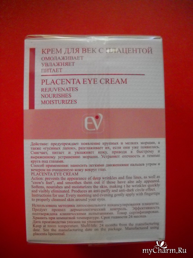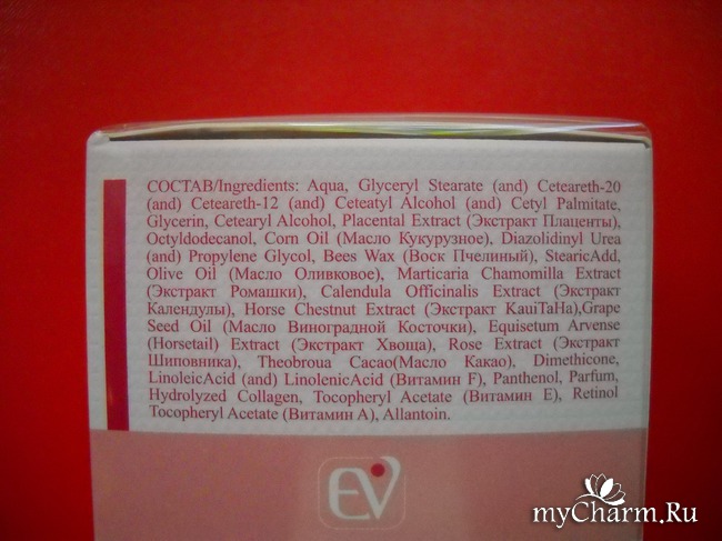Состав, конечно же, впечатляет! Экстракт плаценты, полученный с использованием методики липосомального инкапсулирования плаценты – это далеко не все полезности, которые содержатся в данном креме. В нем присутствуют ценные масла (кукурузное и оливковое масло, а также масла какао и виноградной косточки), пчелиный воск, а также комплекс витаминов (A, E и F) и полезнейших растительных экстрактов (каштана, календулы, шиповника, хвоща и ромашки). Такой крем просто обязан приносить пользу!
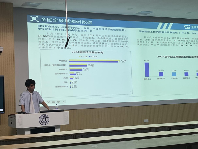 林瑞祥经理首先强调了在当前复杂多变的就业形势下,深入了解就业政策的重要性。随后,他详细解读了最新的就业政策,涵盖了税收优惠、创业扶持、职业培训等多个方面。他通过生动的案例解读复杂的政策条款,让在场的毕业生对就业市场有了更加清晰的认识。同时,他还结合未来就业市场的趋势,为毕业生们提供了宝贵的职业规划建议,帮助他们更好地定位自己的职业发展方向。
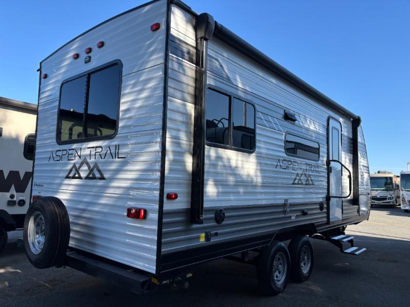 You will find more standard features and more value in each one of these Dutchmen RV Aspen Trail travel trailers! The aerodynamic front profile not only makes them easier to tow, but also more fuel efficient. Experience all of the power with power stabilizers, a power awning, and a power tongue jack for easy setting up and breaking down. The fully enclosed underbelly provides an extra layer of protection for your unit's vitals so you can camp further into the year. With aluminum steps, you will have a solid platform of stability as you enter and exit, plus they are easy to expand or store away. The backup camera prep offers peace of mind as you navigate your unit and the upgraded Beauflor lino throughout will be easy to clean so you don't have to worry about mud getting tracked inside. Come find the one that best suits your needs today!
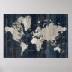 Pôster Azul de Mapa do Mundo Antigo
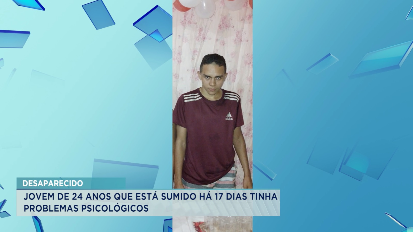 Francisco Vieira Silva de 24 anos esta desaparecido há 17 dias. O jovem morava com a família na Vila Maranhão, zona rural de São Luís. No dia do desaparecimento, Junior saiu em uma tarde do dia 4 de setembro e até agora não retornou. De acordo com os familiares, ele sofre de problemas psicológicos e estava fazendo uso de medicamentos.

WHAT THE TASK REQUIRES: Print out each record exactly as shown, but keep the pictures out.

YOUR RESPONSE:
Состав, конечно же, впечатляет! Экстракт плаценты, полученный с использованием методики липосомального инкапсулирования плаценты – это далеко не все полезности, которые содержатся в данном креме. В нем присутствуют ценные масла (кукурузное и оливковое масло, а также масла какао и виноградной косточки), пчелиный воск, а также комплекс витаминов (A, E и F) и полезнейших растительных экстрактов (каштана, календулы, шиповника, хвоща и ромашки). Такой крем просто обязан приносить пользу!
 林瑞祥经理首先强调了在当前复杂多变的就业形势下,深入了解就业政策的重要性。随后,他详细解读了最新的就业政策,涵盖了税收优惠、创业扶持、职业培训等多个方面。他通过生动的案例解读复杂的政策条款,让在场的毕业生对就业市场有了更加清晰的认识。同时,他还结合未来就业市场的趋势,为毕业生们提供了宝贵的职业规划建议,帮助他们更好地定位自己的职业发展方向。
 You will find more standard features and more value in each one of these Dutchmen RV Aspen Trail travel trailers! The aerodynamic front profile not only makes them easier to tow, but also more fuel efficient. Experience all of the power with power stabilizers, a power awning, and a power tongue jack for easy setting up and breaking down. The fully enclosed underbelly provides an extra layer of protection for your unit's vitals so you can camp further into the year. With aluminum steps, you will have a solid platform of stability as you enter and exit, plus they are easy to expand or store away. The backup camera prep offers peace of mind as you navigate your unit and the upgraded Beauflor lino throughout will be easy to clean so you don't have to worry about mud getting tracked inside. Come find the one that best suits your needs today!
 Pôster Azul de Mapa do Mundo Antigo
 Francisco Vieira Silva de 24 anos esta desaparecido há 17 dias. O jovem morava com a família na Vila Maranhão, zona rural de São Luís. No dia do desaparecimento, Junior saiu em uma tarde do dia 4 de setembro e até agora não retornou. De acordo com os familiares, ele sofre de problemas psicológicos e estava fazendo uso de medicamentos.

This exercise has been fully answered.